Niebywałe, czego dokonał Puchacz. Wystarczył mu zaledwie miesiąc

Getty Images / Adam Davy/PA Images / Na zdjęciu: Tymoteusz Puchacz
Getty Images / Adam Davy/PA Images / Na zdjęciu: Tymoteusz Puchacz

W mgnieniu oka Tymoteusz Puchacz zaskarbił sobie sympatię menadżera Plymouth Argyle. Miron Muslić wyjaśnił, dlaczego Polak pauzował w ostatnim meczu. Jak się okazało, nie ma żadnych powodów do zmartwień.

Plymouth Argyle odniosło imponujące zwycięstwo nad Millwall, wygrywając 5:1. Mimo sukcesu, niepokój wzbudziła nieobecność Tymoteusz Puchacz, który stał się ważnym graczem zespołu od czasu transferu z Holstein Kiel.

- Poczuł dyskomfort we wtorek, dlatego nie zaryzykowaliśmy jego występu, mimo że badania nie wykazały urazu - powiedział Miron Muslić, cytowany przez plymouthherald.co.uk. Kibice nie muszą więc martwić się o zdrowie kadrowicza.

- Muszę chronić "Puszkę". Jest naszym kluczowym zawodnikiem i chcę, żeby był dostępny przez następne trudne tygodnie - dodał menadżer Plymouth.

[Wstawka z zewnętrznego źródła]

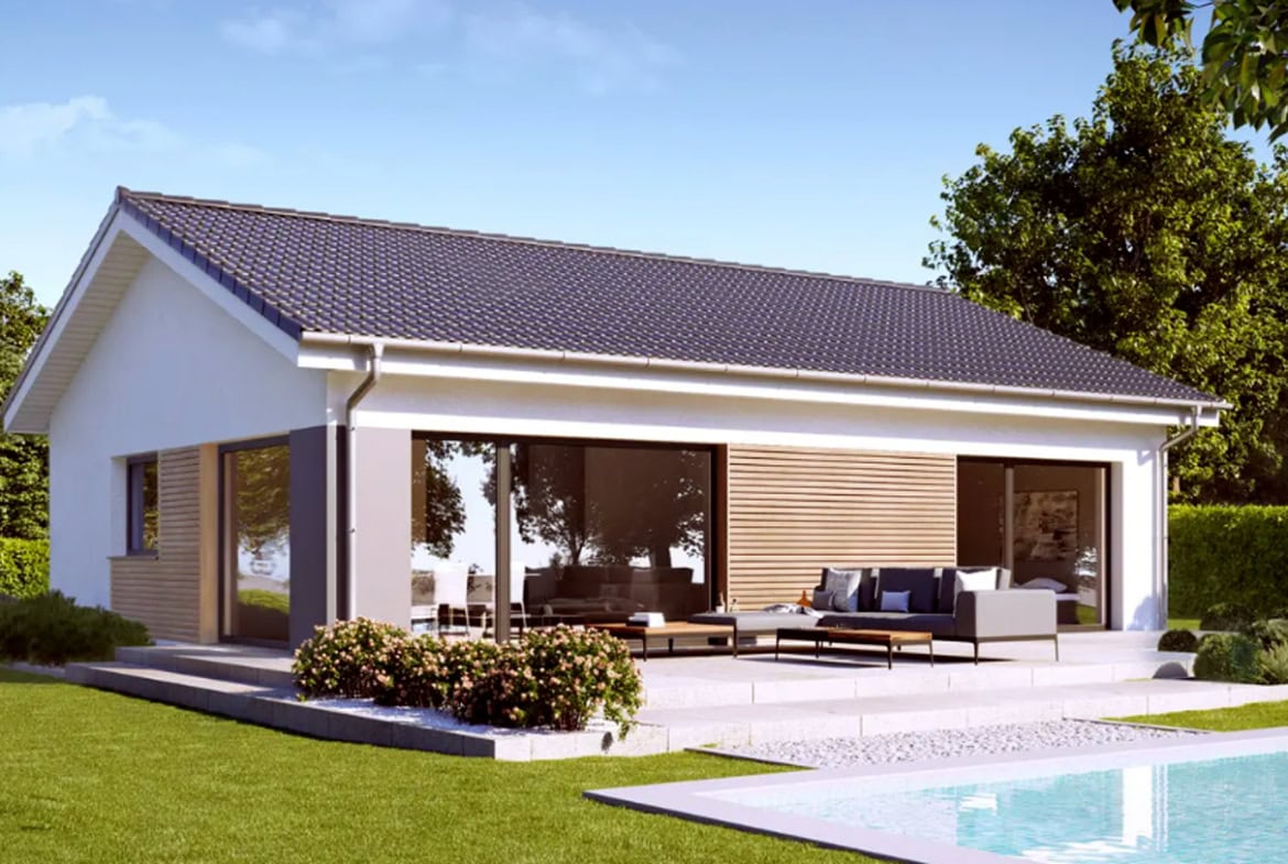 Es gibt Häuser, die man betritt — und solche, die einen empfangen. Dieser Bungalow gehört zur zweiten Art. Er ist weniger ein Bauwerk als ein stiller Begleiter, der sich an den Rhythmus seines Menschen anschmiegt. Drei Zimmer, eine offene Küche, Bad, Technikraum, Diele: nüchtern betrachtet eine Aufzählung. Doch in Wahrheit sind es Räume, die sich nicht über ihre Funktion definieren, sondern über die Persönlichkeit, die sie füllt.
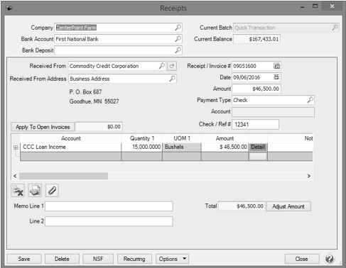 - Specify Commodity Credit Corporation in the Received From field. Specify the Date and Amount received from the loan.
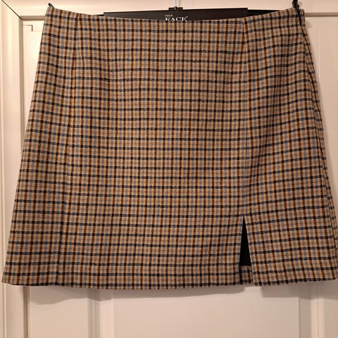 Tummanvihreä hame, jossa sivussa on pehmeää trikoota. Polvipituinen. Taipuisa ja mukava.
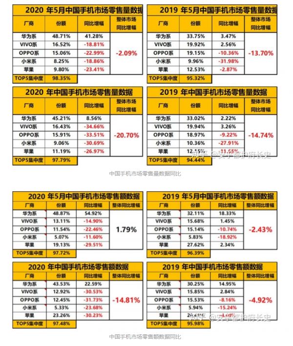 苹果的2020年5月占有率9.8%,同比增长-23.4%;累计占有率11.2%,累计同比增长-27.0%;
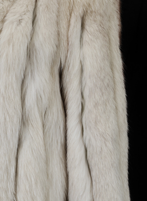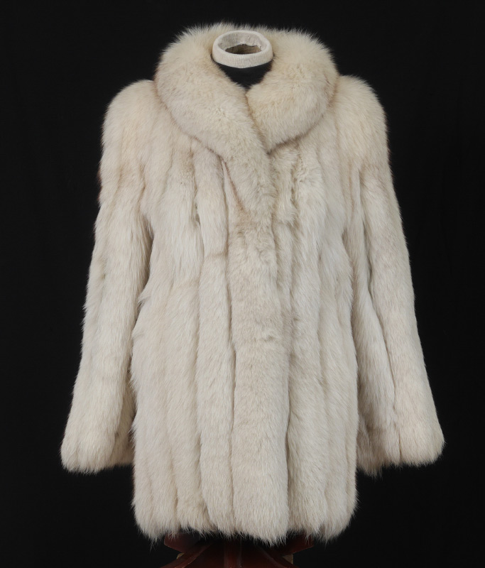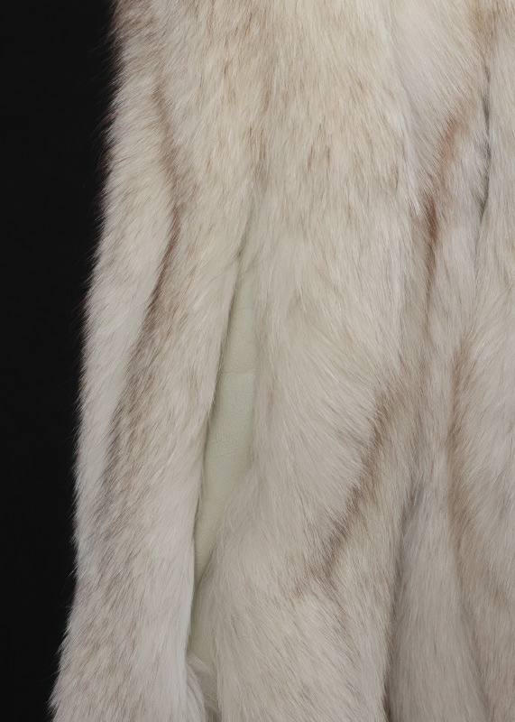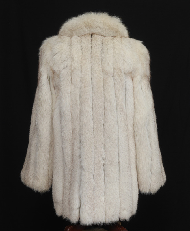 SAGA FOX LONG JACKET: Luxurious fur three quarter length coat, Saga Fox label. Measures approx. 30'' collar to hem, 19'' shoulder to shoulder and 22'' sleeve.
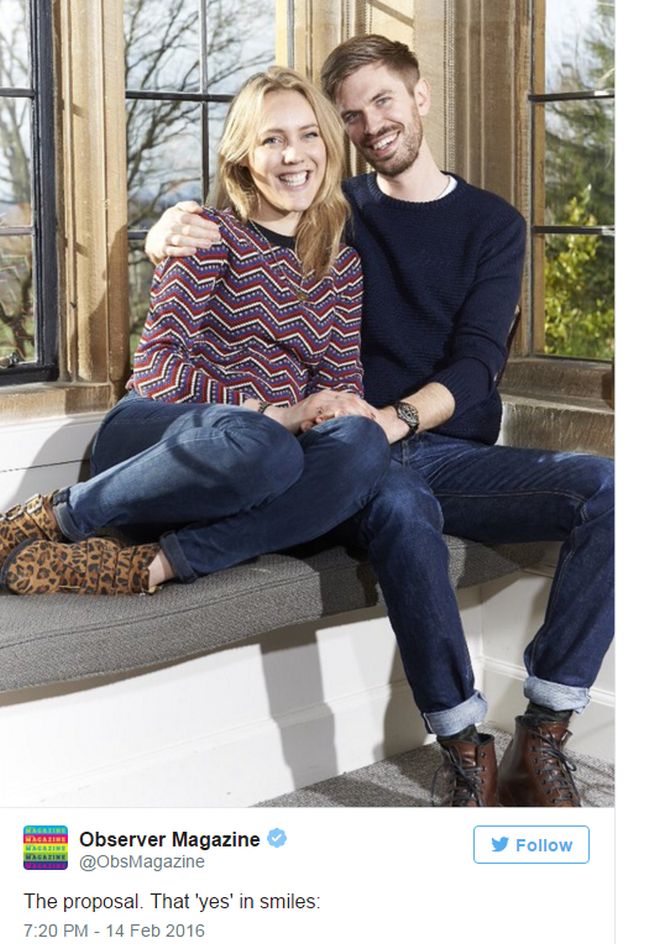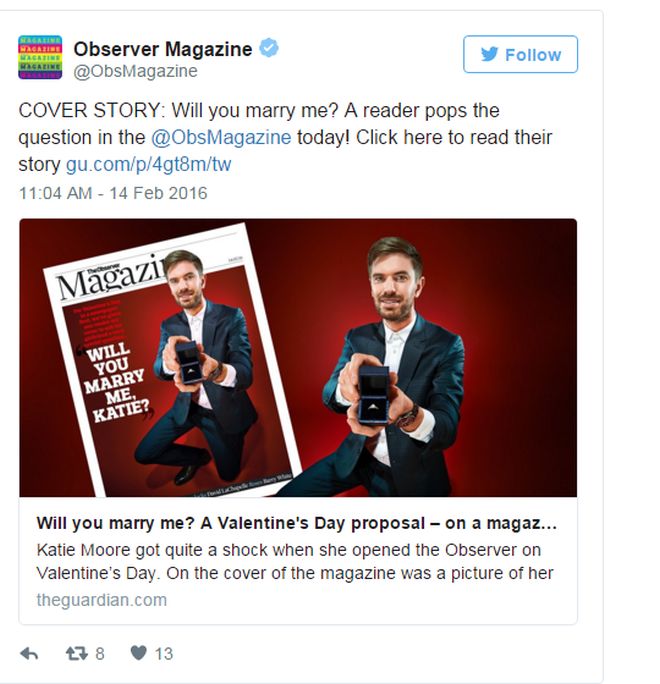 Англичанин предложи брак на приятелката си, появявайки се на корицата на списание „Обзървър" в Деня на свети Валентин.
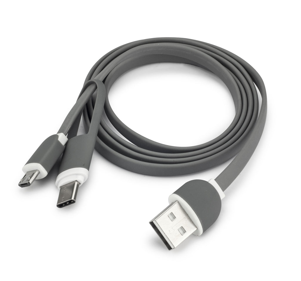 Charging cable with data transfer. Input port: USB; Output port: micro USB / type-C USB. Total cable Length: 1m
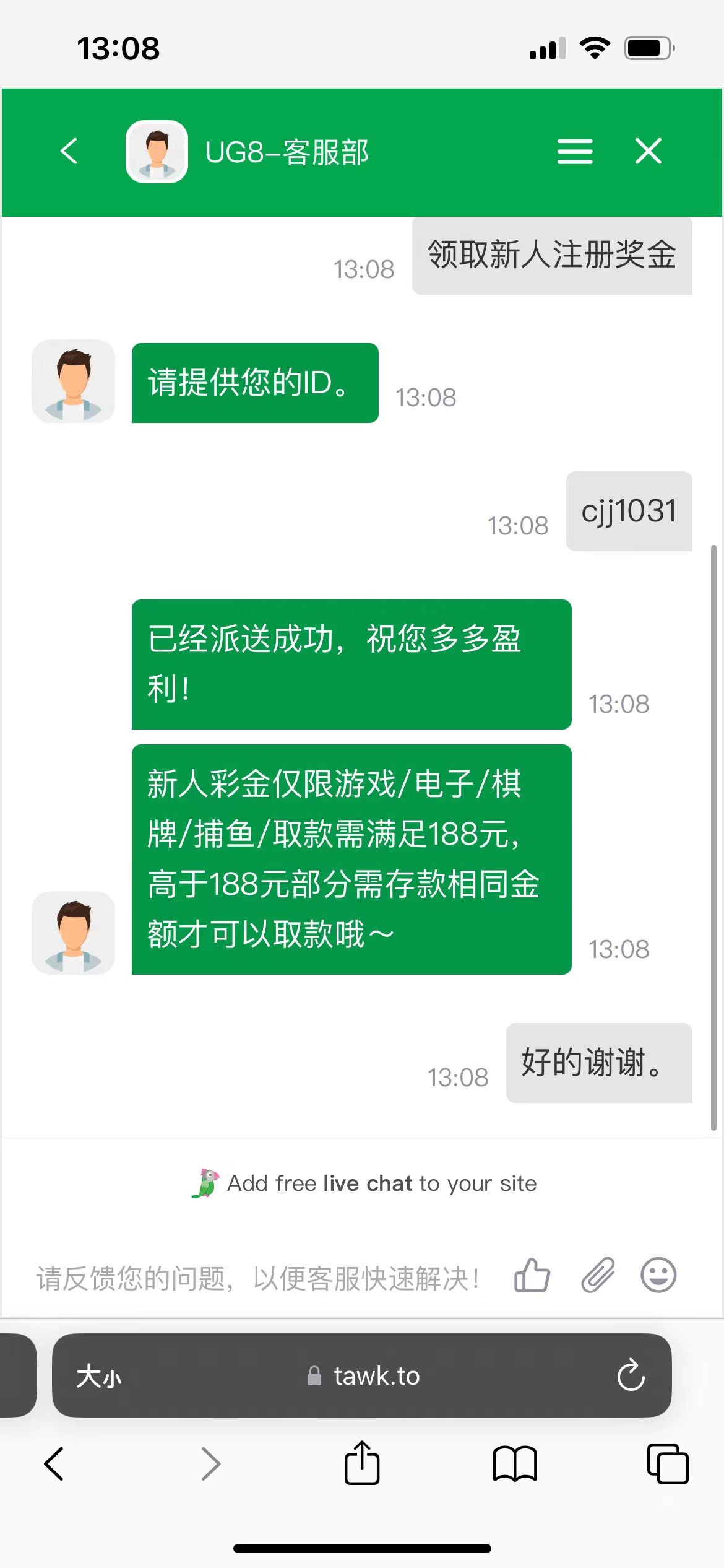 成功再注册账号然后验证手机号领取彩金

ZOBACZ WIDEO: #dziejesiewsporcie: FC Barcelona pokazała, jak trenuje Wojciech Szczęsny

Puchacz szybko wkomponował się w skład Plymouth Argyle, grając w pięciu meczach The Championship od momentu przybycia. Jego obecność na boisku była widoczna, a w meczu Pucharu Anglii z Liverpoolem (1:0) zagrał pełne 90 minut.

Muslić widzi w Puchaczu ważnego gracza w walce o utrzymanie. Plymouth zajmuje przedostatnią pozycję w tabeli Championship i ma tylko jednopunktową stratę do bezpiecznego miejsca.

Po trzech kolejnych zwycięstwach, Plymouth Argyle przygotowuje się do meczu z Blackburn Rovers. Zespół ma nadzieję na kontynuację dobrej passy, chociaż mecze wyjazdowe były dotąd wyzwaniem. Sytuacja w Blackburn, które jest obecnie bez trenera, może sprzyjać drużynie Muslicia.